A DAO’s Treasury is responsible for safekeeping the raised capital, meta token allocations, and operational revenues, with the appointed Treasury Managers in charge of setting up payment schedules, signing them off, auditing, etc. These managers are unlikely to be required by regulations, but they may be required to possess certain qualities required by the institutional investors to detect “rug-pulls” and misappropriation.

Meanwhile, the same DAO’s Investment Committee is in charge of managing numerous different investment funds with separately appointed Investment Managers. These managers are very likely to be required to hold particular licenses to be regulatorily compliant.

The concept of plug-and-play applies conveniently here, again. The Governance Module provides the necessary tooling for the need of such flexibility of configuration, and it does not reinvent the wheel. At least three levels of verification are supported, with different degrees of strictness.

  • Social media account. This is the bare minimum of verification imposed on any Manager to make sure that a social identity is known to a community that communicates on certain social media platforms such as a Twitter or Discord account. This facility is provided by the INK Governance Module.

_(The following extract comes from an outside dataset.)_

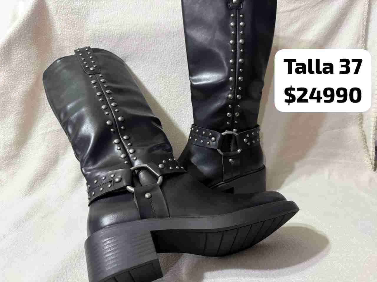 Elegantes botas negras de caña alta con tachas decorativas. Perfectas para un look audaz y moderno. Talla 37.

  • Biometric identity. This level of verification not only can be imposed on a Manager role but also can be usefully applied to the entire community of the DAO. The idea is to assure the integrity of one-person-one-wallet, or to give the DAO a convenient way of implementing what a Web2 system considers as a user login. No violation of privacy, as well as the implementation in decentralization, must be assured with this method.

  • Legal identity. This is certainly the most strict verification, which can also be used for both the Manager roles (required license, etc.) and for members (KYC in assessment management).

The infrastructure of INK Governance Module allows for further expansion of identity verification schemes to include various Web3 DID solutions such as animated avatars, which are rapidly gaining popularity.